Table 4 Results for prior probability shift experiments in terms of \({\text {MAE}}\)
Fig. 6
figure 6

Results obtained for prior probability shift; the error measure is MAE and the degree of shift is computed as \((p_{U}-p_{L})\) (rounded to one decimal)

One interesting observation that emerges from Fig. 6 has to do with the stability of the methods. ACC shows a tendency to sporadically yield anomalously high levels of error. Those levels of error correspond to cases in which the training sample is severely imbalanced (\(p_{L}=0.02\) or \(p_{L}=0.98\)). Note that, the correction implemented by Eq. (4) may turn unreliable when the estimation of \({\text {tpr}}\) itself is unreliable (this is likely to occur when the amount of positives is 2%, i.e., when \(p_{L}=0.02\)) and/or when the estimation of \({\text {fpr}}\) is unreliable (this is likely to occur when the amount of negatives is 2%, i.e., when \(p_{L}=0.98\)). Yet another cause might include the instability of the denominator (this happens when \({\text {tpr}}\approx {\text {fpr}}\)), which could, in turn, require clipping the output in the range [0, 1]. After analyzing the 100 worst cases, we verified that in 36% of the cases involved clipping, in 46% of the cases the denominator turned out to be smaller than 0.05.
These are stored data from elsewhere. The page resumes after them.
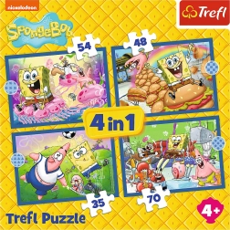 TREFL aduce distracție pentru întreaga familie cu cele patru puzzle-uri Viața lui SpongeBob într-un singur pachet. Fiecare puzzle din set are un număr diferit de piese - 35, 48, 54 si 70, oferind oportunități unice pentru diferite niveluri de abilități.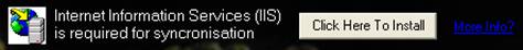 When installing you may need to insert your Windows Installation CD for the installation to find the files it needs. You should check your firewall does not prevent access to IIS and refer to the Troubleshooting section for help if synchronisation is not working.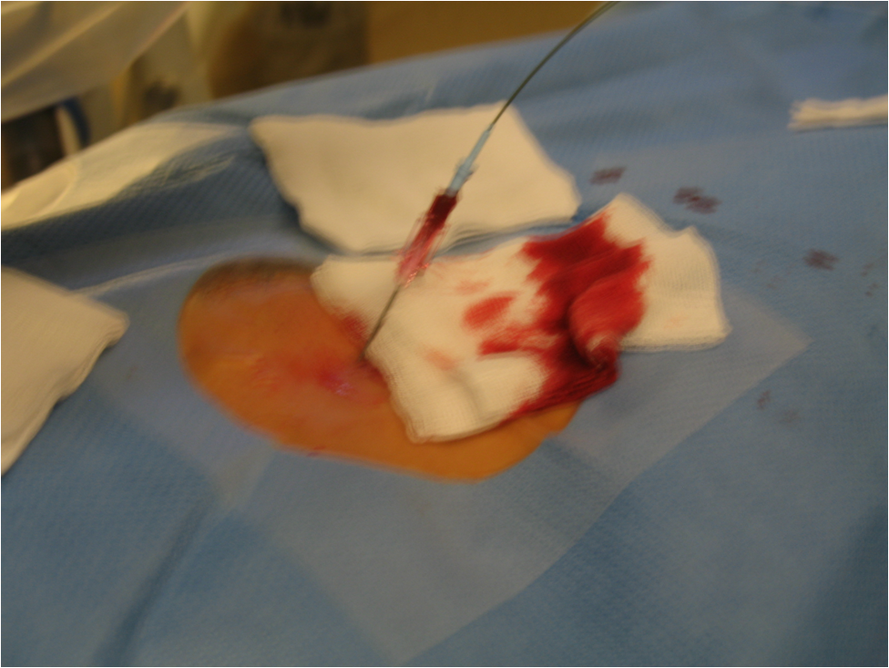 Seldinger technique is used for vascular access. Arterial puncture by a Seldinger needle (Fig 1, Upper row, left panel) is most often pulse-directed (by palpation), but can be accessed by ultrasound guidance. Most commonly used access sites are common femoral and brachial arteries, radial arteries are used mostly by cardiologists, popliteal artery can be rarely punctured in special cases (retrograde recanalisation of superficial femoral artery occlusion). A guidewire is inserted into the needle (Fig 1, Upper row, right panel), the needle is withdrawn (Lower row - left panel) (at this point the puncture site should be compressed to prevent bleeding); a few mm dissection may be done by a scalpel, the introducer sheath and then a catheter is fed onto the guidewire (Lower row - right panel); then the guidewire can be withdrawn and contrast medium can be inserted through the catheter. More information on contrast medium is available in chapter 7.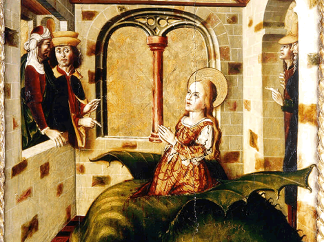 Una de las obras de mayor tamaño que pueden admirarse en el Museo de Bellas Artes de Asturias es el Retablo de Santa Marina, procedente de la iglesia del mismo nombre en Mayorga de Campos (Valladolid). Las veinticuatro tablas que lo componen fueron pintadas hacia 1500 por el Maestro de Palanquinos. El retablo narra la historia de Santa Margarita de Antioquía, identificada en España con Santa Marina de Galicia. Esta obra, es un perfecto ejemplo de los usos iconográficos del último período gótico y con ella conoceremos… ¡al dragón!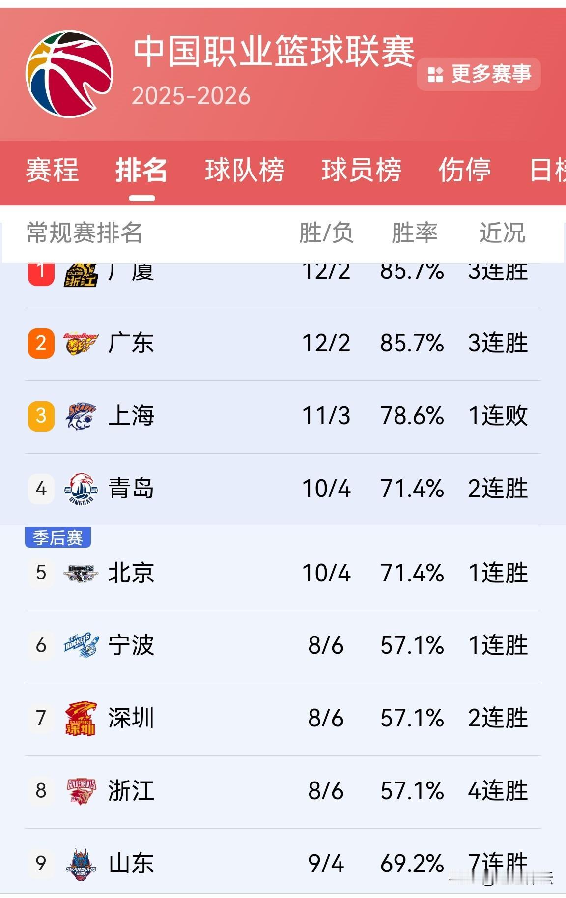 cba最新的排行榜来了! 十四轮结束, cba排行榜出现了一个看不明白的问题!就是山东高速男篮,由于跟广州男篮少赛一场,即便是胜率排在第6名,也无济于事,最终cba排名排在第9名!也就是说,山东高速男篮即便是和广州的比赛,输掉了比赛,也会来到第六名,就是因为这一场比赛没有打,竟然落后于三个胜率比自己低的球队!这样的排名真的让人无语!

Note that, if these extreme cases were to be removed, the average scores obtained by ACC would not substantially differ from those obtained by other quantification methods such as PACC or DyS.

5.4 Global covariate shift

5.4.1 Evaluation protocol

For generating global covariate shift, we modify the ratio between the documents in category A (Books) and those in category B (Electronics), across the training data and the test samples. We binarise the dataset at a cut point of 3, as described in Sect. 5.1. We vary the prevalence \(\alpha\) of category A (the prevalence of category B is \((1-\alpha )\)), in the training data (\(\alpha ^{L}\)) and in the test samples (\(\alpha ^{U}\)), in the range [0, 1] with steps of 0.1, thus giving rise to 121 possible combinations. For the sake of a clear exposition, we present the results for different degrees of global covariate shift, measured as the signed difference between \(\alpha ^{L}\) and \(\alpha ^{U}\), resulting in a real value in the range \([-1,+1]\). We vary the priors of the positive classFootnote 12 using the values \(\{0.25, 0.50, 0.75\}\) in both the training data and the test samples, in order to simulate cases of global pure covariate shift, where \(P_{L}(Y)=P_{U}(Y)\), and global mixed covariate shift, where \(P_{L}(Y) \ne P_{U}(Y)\). Note that even if the global pure covariate shift scenario is particularly awkward for a quantification setting (since the prevalence of the positive class in the training data coincides with the one in the test data), it is interesting because it shows how quantifiers react just to a mere change in the covariates. Algorithm 2 describes the experimental setup for this type of shift.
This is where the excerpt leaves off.